Welcome to Politics Bites, where every afternoon at It's A Free Country, we bring you the unmissable quotes from the morning's political conversations on WNYC. Today on the Brian Lehrer Show, founder and director of the Drug Policy Alliance, Azi Paybarah, politics reporter for the New York Observer, discusses Governor Cuomo and New York State political dealmaking. Then, John Dankosky, news director at WNPR and host of Where We Live, discusses whether unions and Governor Malloy will be able to agree on a budget. Then, Mike Kelly, columnist at The Record of New Jersey, discusses how the NJN transfer to WNET was allowed by the legislature--and the politics of it.
"He has been more successful than almost anyone can remember a governor being," New York Observer reporter Azi Paybarah said.
Gov. Cuomo was able to check off all three major boxes on his agenda. He used his magic wand to pass ethics reform, same-sex marriage and a property tax cap. He also got through an on-time budget that decreased spending without increasing taxes. For New York State, this kind of success is almost unheard of, and he's already being tossed around as a potential presidential candidate in 2016.
One reason is a more professional group of legislators in Albany--the exit of loose canons Pedro Espada and Hiram Monserrate. Cuomo also made a smart strategic move--he preempted criticism by bringing the very people expected to be his critics to the table, such as the union representing health care workers.
I think people like the idea that government is actually functioning. If you can remember so long ago, there was promise of change 'on day one' with Eliot Spitzer who seemed to not even wait until day one before bashing people's heads against the walls, and then you had David Paterson who people liked on a personal level but saw his complete incompetence and at some level, untruthfulness, in dealing with them. There was a sense that no one was really running state government, you had Sheldon Silver, the longest serving legislative leader, who many people considered the most powerful man in Albany, and now, after six months, it's clearly Andrew Cuomo.
Malloy was the anti-Christie in Connecticut who was on the verge of making a deal with public sector unions until it all fell apart on June 24. In what was described as a slap in the face, union members rejected a deal that was supposed to save $1.6 billion in two years and was fundamental to Malloy's budget. As a result, WNPR news director John Dankosky said Malloy is probably going to have to send out layoff notices next week.
It became very clear that while the governor was going to get the majority of votes from union workers, he wasn't going to get enough to pass muster in the very arcane, bizarre world of rules for state employees, meaning that although 57 percent of the workers ratified the deal to save jobs and to cut benefits, essentially a small majority got it overturned. And now the folks who run CBAC, the state employees bargaining coalition, they are shaking their heads and saying we don't know what to do next here.

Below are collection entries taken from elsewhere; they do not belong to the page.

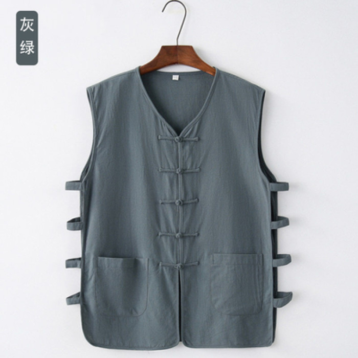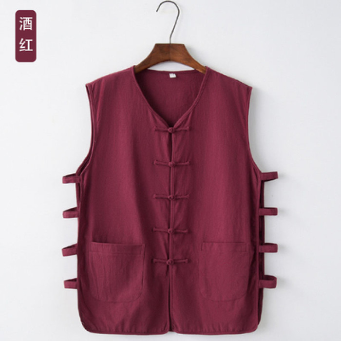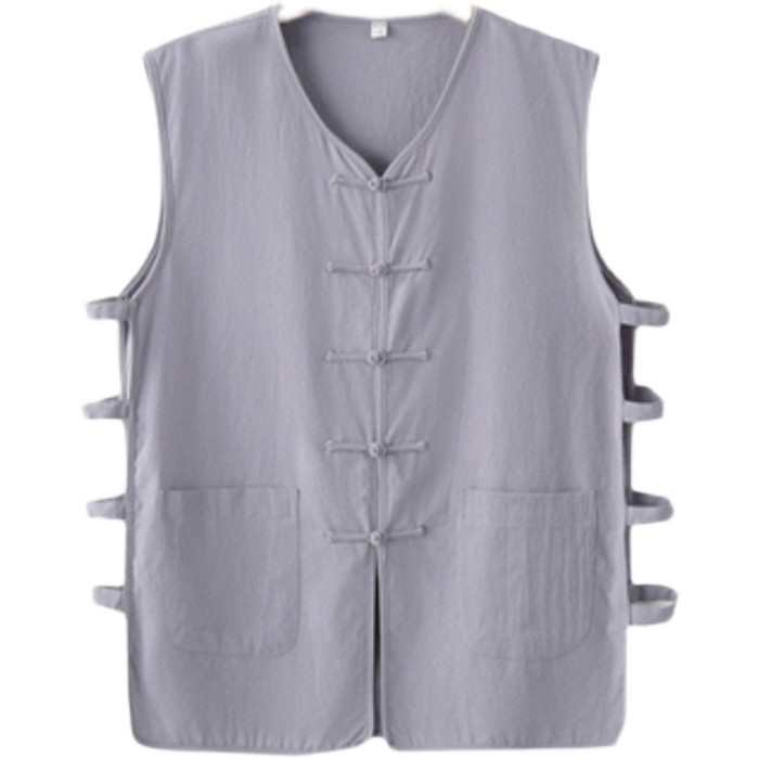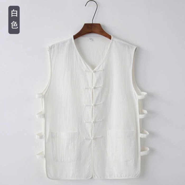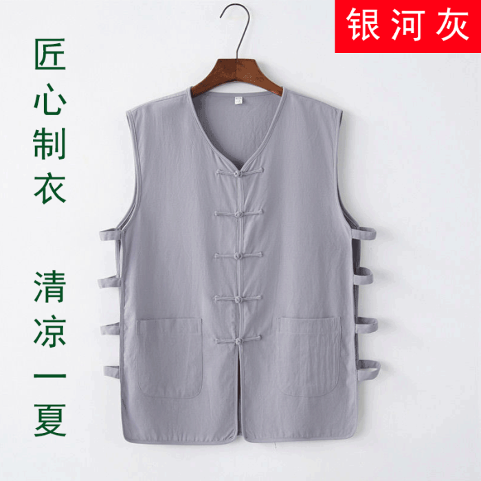 夏季棉麻無領汗衫坎肩馬褂老頭衫背心風唐裝男薄寬松休閒透氣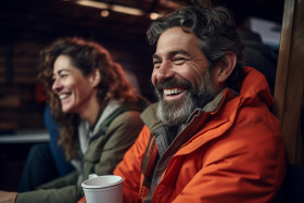 couple hispanic middle-aged smiling happy coffee morning breakfast kitchen kitchen table window sunlight home love relationship together family happy marriage lifestyle mature adult senior retirement enjoyment relaxation contentment leisure coffee lover caffeine mug cup steam aroma warm cozy comfortable happy home domestic bliss couple goals romantic loving affectionate happy lifeImagine Buddy
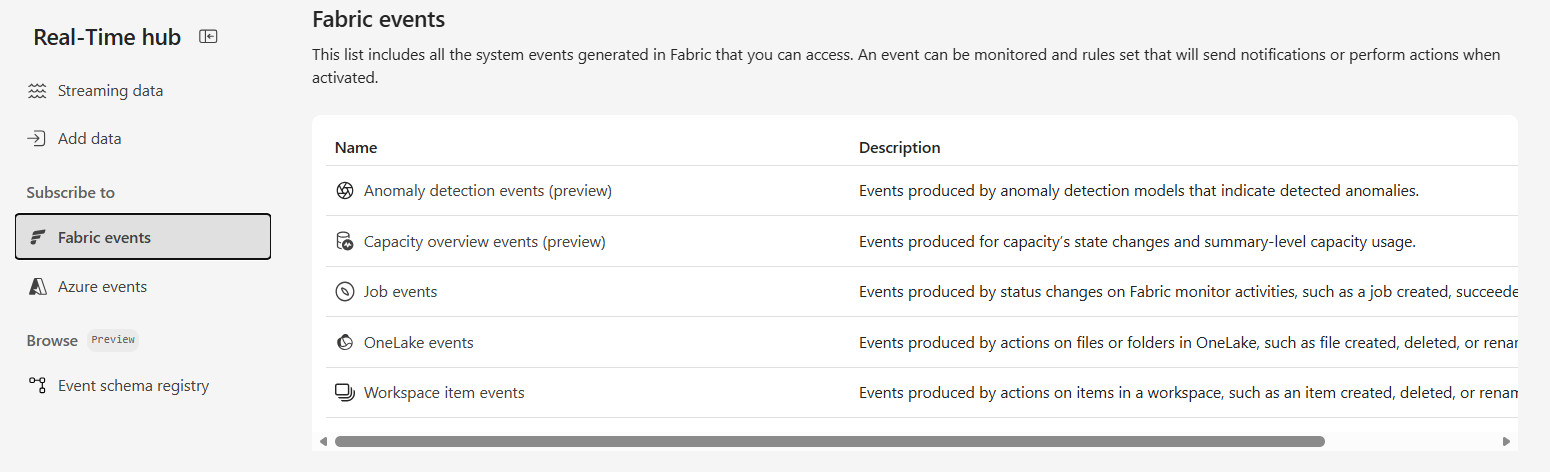- Přihlášení k odběru událostí OneLake – Poskytuje zástupce pro vytváření datových proudů založených na událostech Fabric OneLake. Podrobnosti najdete v tématu Přihlášení k odběru událostí OneLake.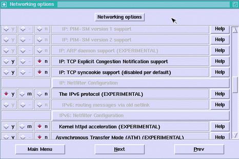 Having done that, you need to configure the new kernel to enable support for IPv6:

Dankosky said Malloy is in a tough spot. He's not as progressive as liberals wanted him to be--he's asking for union givebacks and his tax hikes are across the board, not just on the wealthy--and at the same time he's too liberal for Republicans in Connecticut. New Jersey's Gov. Christie criticized Malloy on Tuesday morning, but at the end of the day, Dankosky said Malloy is a Democrat leading a Blue state, a different can of worms than Christie's scenario in Jersey.
In an attempt to slap Christie back, the New Jersey legislature almost overturned Christie's plan to sell the state's public television network, NJN, to New York's WNET. Kelly said it was both an attempt to stop the Christie steamroller and a matter of state pride.
There's a whole pride factor here in this goofy little state, you know the "People's Republic of New Jersey," there's a pride factor in not wanting to let go of a Jersey based public television station and turn it over to New York.
The Democratic legislature's attempt didn't work, and the sale will go through, full steam ahead.
Its obvious that Christie has political ambitions. Like Cuomo, he's being talked about as a potential 2016 presidential contender. According to Kelly, Christie's well defined opposition to same-sex marriage is influenced by those ambitions, as well as his steamroller style.
"Christie is going to emerge here as a major major winner, at least in the political scene here in New Jersey, how that translates down the road I don't know."